Finding Similar Data Using SQL Server Integration Services

SQL Server 2005 Integration Services (SSIS) introduces two new

tools designed for Data Warehousing, but their uses are far more than just

warehousing. Fuzzy Lookups and Fuzzy Grouping can both improve quality of data.

Fuzzy lookups is designed to correct errors in lookup tables such as

misspelling in cities or states. Fuzzy grouping finds duplicates in datasets. The

hospital where I work strives to identify and merge duplicates to improve and

maintain one complete electronic medical record for each patient. We have been

using the fuzzy grouping tool for the past 6 months.

The concept of fuzzy grouping is not new; many have used

probabilistic linkage of datasets to find duplicates and related records in

other datasets (for more info visit http://www.utcodes.org/Linkage/description.htm).

Few commercial probabilistic linkage packages are available and they are

expensive. With SSIS we now have a free tool to do probabilistic linkages.

Fix the SSIS executables first

First install service pack 2 or the memory leak fix http://support.microsoft.com/kb/912423/. This fix resolves many memory issues when using record sets with over 1 million records, but there are still issues with more than 4 million records.
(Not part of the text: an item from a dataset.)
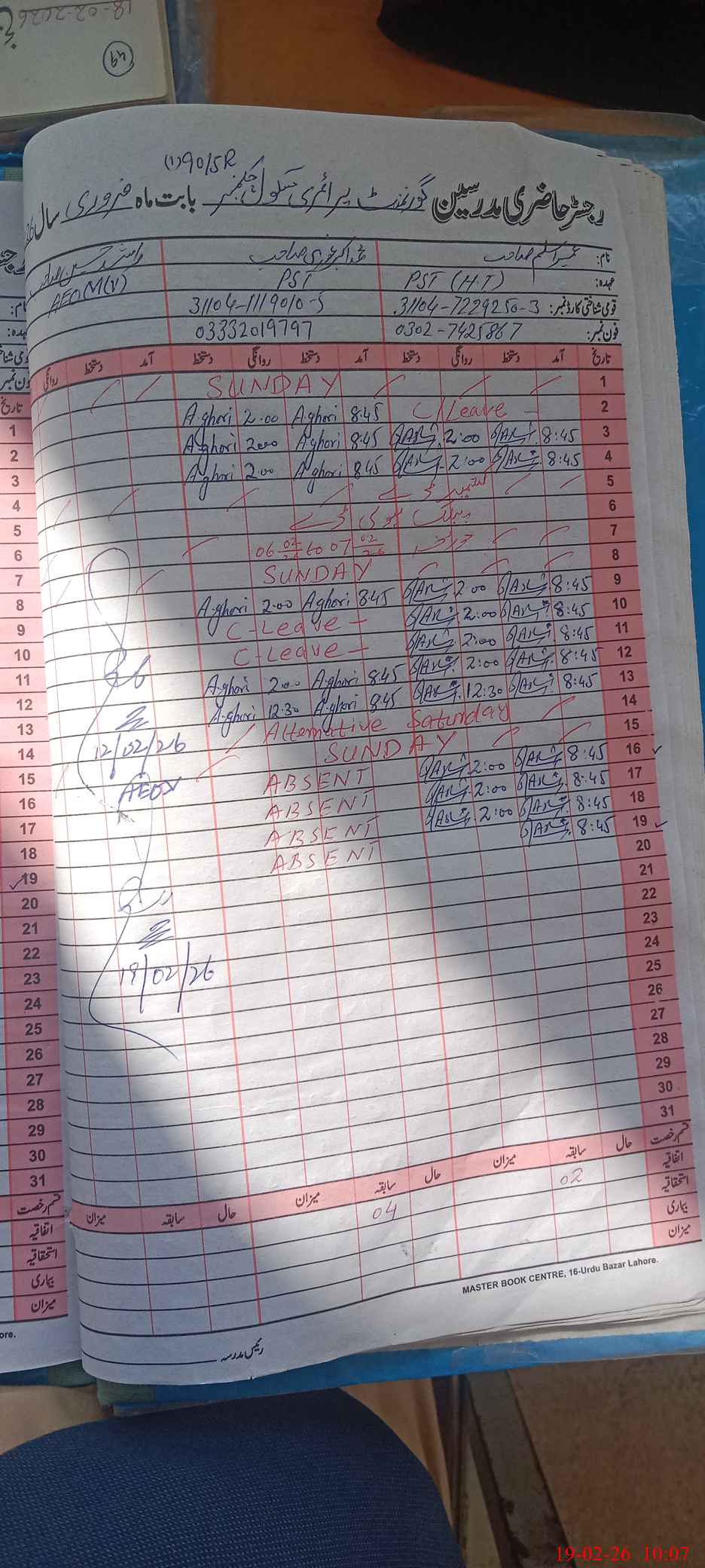 | 31**** | Mu**** Ak**** Gh**** | PST Science/Maths | Regular | 0 | 0 | 0 | 0 | 0 | 0 | 0 | 0 | 0 | Absent (Un-Authorized) |
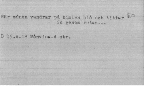 //// C <y //// När månen vandrar på himlen hlå och tittar 6 //// in genom rutan... //// B 15«s.18 Månvisa.4 str-. ////

Fuzzy grouping is memory and processor intensive so running SSIS on a server separate from the databases is recommended. On a 1.8 GHZ Pentium IV with 512 MB. My tests running an 800,000 record dataset took 5 hours. Adding another 512MB reduced the run time to 2 hours.

Define A Dataset

Open Visual Studio and start a BI project then define an OLE DB Source dataset. Any definable dataset may be grouped, but as many temporary tables are created, you must have a connection to a SQL Server and be a user with permission to create tables. Also limiting your dataset to the fields to be used for grouping and a primary key will increase performance. Be wary of data types as many are not supported and datetime fields must be transformed to varchar.

Add A Fuzzy Grouping Step

Next add a Fuzzy Grouping package. Define the fields that identify

the duplicates. Fields such as First Name, Last Name, Gender, and Date of Birth

will prove sufficient to find duplicates. Fields with high discerning power

such as Social Security number will improve accuracy and should be given a

higher weight. A primary key should also be used as a pass-through in the

dataset to aid in future joins of the result set. Define the type of grouping, either exact (data must be equal) or fuzzy (data is compared to determine similarity). The fuzzy grouping allows you to choose further options to ignore cases, punctuation, kana, non-spacing

characters, character width or symbols.

Minimum Similarities

Minimum Similarities should be defined for each field. These

thresholds define how closely you want each of the values to correspond. Minimum

similarities are between 0 and 1. Where 1 means the values are exact and 0 means

review everything. Setting a higher minimum similarity will speed the matching

process. Minimum similarities are very dependent on data and the number of

matches, and match quality will depend on these values. Setting minimum similarities

too high will result in only closer to exact records being found. So you may

need some experimentation to determine the best thresholds to use. For example,

I like my dates of birth (dob) to be close, but I realize that data entry

errors skew dates, so I set a threshold of .20 for dob. In the example below May 12 1972 is

compared against May 12 1971 and the similarity score is .84 so it would make the cut. If unsure run some tests with no minimum similarities and review your resulting _similarity fields for each field. Take some averages and review the matches to determine what a good match is, then set your threshold at this level.

Minimum Thresholds

An overall minimum threshold must also be set. I have found that matches with my data get weak after .80. So I set my minimum overall threshold at .80. Again this is dependent on your data, accuracy of entry staff and how closely you want/need your records to match.

Define the Destination

The last step sets an OLE DB destination and either creates

a new table or uses existing and matches the output fields in the fuzzy

grouping step.

The outcome of the grouping will give a _key_in which is the

unique key of the first table, a key_out field that identifies the unique

groups, the _similarity_fieldname and the _score field that is the average of

the _similarity_fieldname. The _score field is between 0 and 1 where a 0 is no

similarity and 1 is exact.

Running the following dataset through the grouping:

Here is the sample input data:

And here are the outputs:

Here it grouped the first 3 records together and the last 3 together. Note it did not choose the correct name in grouping one, it simply noted that they are all the same. So if you want the "correct" person, as we did for the hospital, you will need a human to review the results. In our hospital database of over 1.4 million records we found over 5000 duplicates. Unfortunately the nature of the business requires us to review each of the dataset and pull medical records, so an automated merge process is out of the question. But Fuzzy Grouping has proved to be a very valuable tool and has given us many useful reports.